The Temple of the Buddha is dedicated to the worship of Sakiymuni, representing the present.

Its lofty neighbour, the Maitreya temple, represents the future.

These two small Buddhist structures are centuries old, with some commentators saying they go back to the Tang Dynasty, in the 7th century AD.

Oddity says that as you climb the thousands of steps along the cliffs, you can "admire ancient inscriptions from the Ming (1368-1644) and Qing (1644-1911) dynasties".

In its heyday, Fanjiang was thriving, with scores of Buddhist temples, but many were torn down in the 1500s, during the Bozhou rebellion.

The Wanli Emperor (14th Emperor of the Ming dynasty) ordered the reconstruction of the Golden Peak with the Temple of the Buddha & Maitreya Temple.

Although devotees face a knee-buckling four hour slog up 9,000 steps to the Red Clouds Golden Summit, where the temples are, there are rest stops with snacks along the steep path.

And once they've reached the top, there are stunning views of the surrounding Fanjingshan National Nature Reserve.

Fanjing is short for Fantian Jingtu or “Brahma's Pure Land" in Chinese – Brahma is one of Buddhism's four heavenly kings.

Mount Fanjing is recognised as the No.5 Buddhist Mountain in China, after the other four Great Buddhist Mountains of Wutai, Putuo, Emei and Jiuhua, writes China Discovery.

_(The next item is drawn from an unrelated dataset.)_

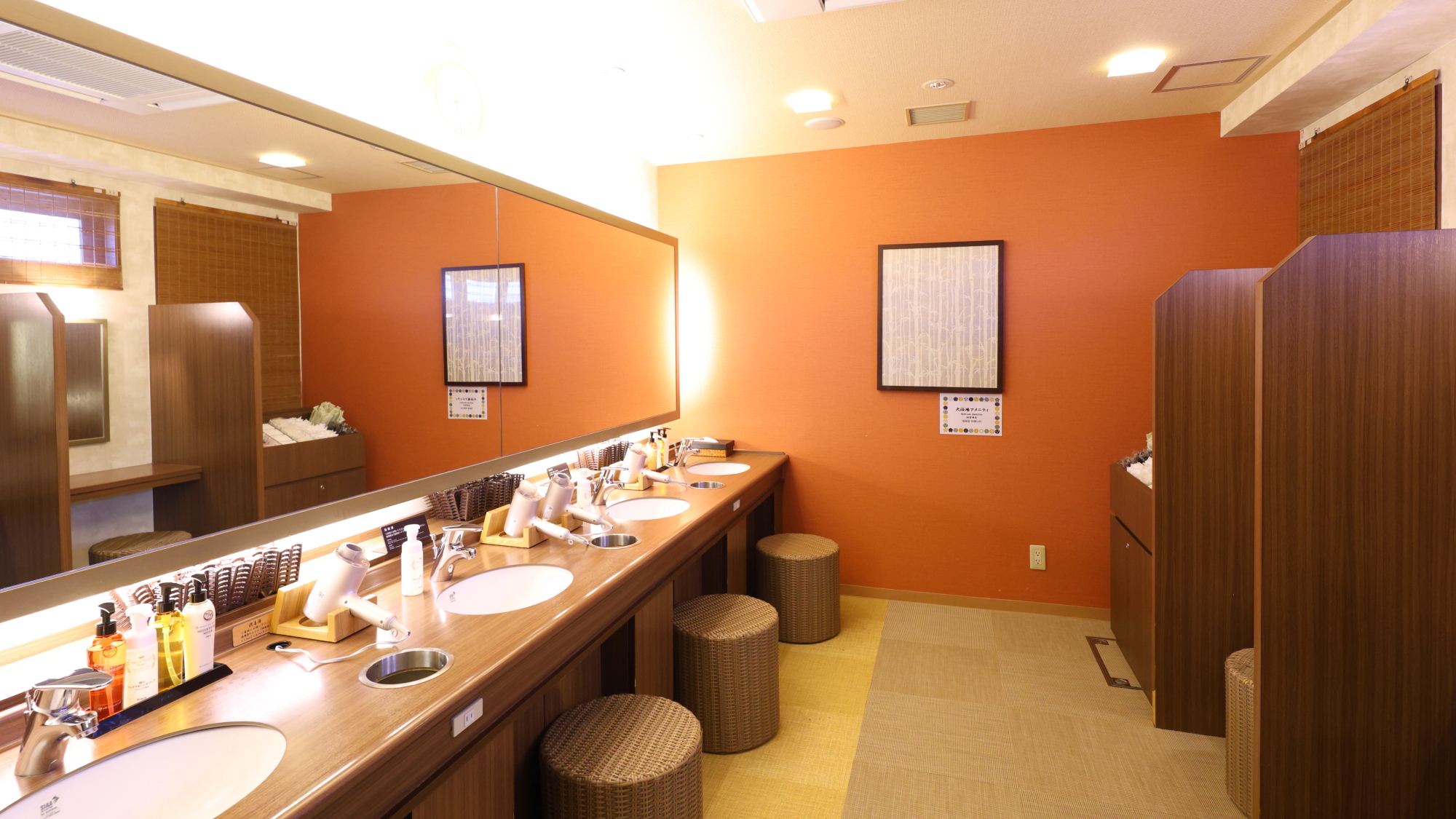 とてもきれいな脱衣所は、ロッカーとパウダースペースが隣り合わせになっていてきっちり分かれていました。しっかりスキンケアするのにちょうど良さそう。アメニティはPOLAで女性目線でも満足できる内容でした。

Countless Buddhists have made their pilgrimage to this "place of enlightenment” as the entire mountain is a sacred one in Buddhism.

Atlas Obscura describes the mountain itself as "a jaw-dropping pinnacle", with its dense forest of fir trees and Guizhou golden monkeys.

For those keen to visit, but lack the stamina and fitness levels needed, there is actually a cable car ride from the road below.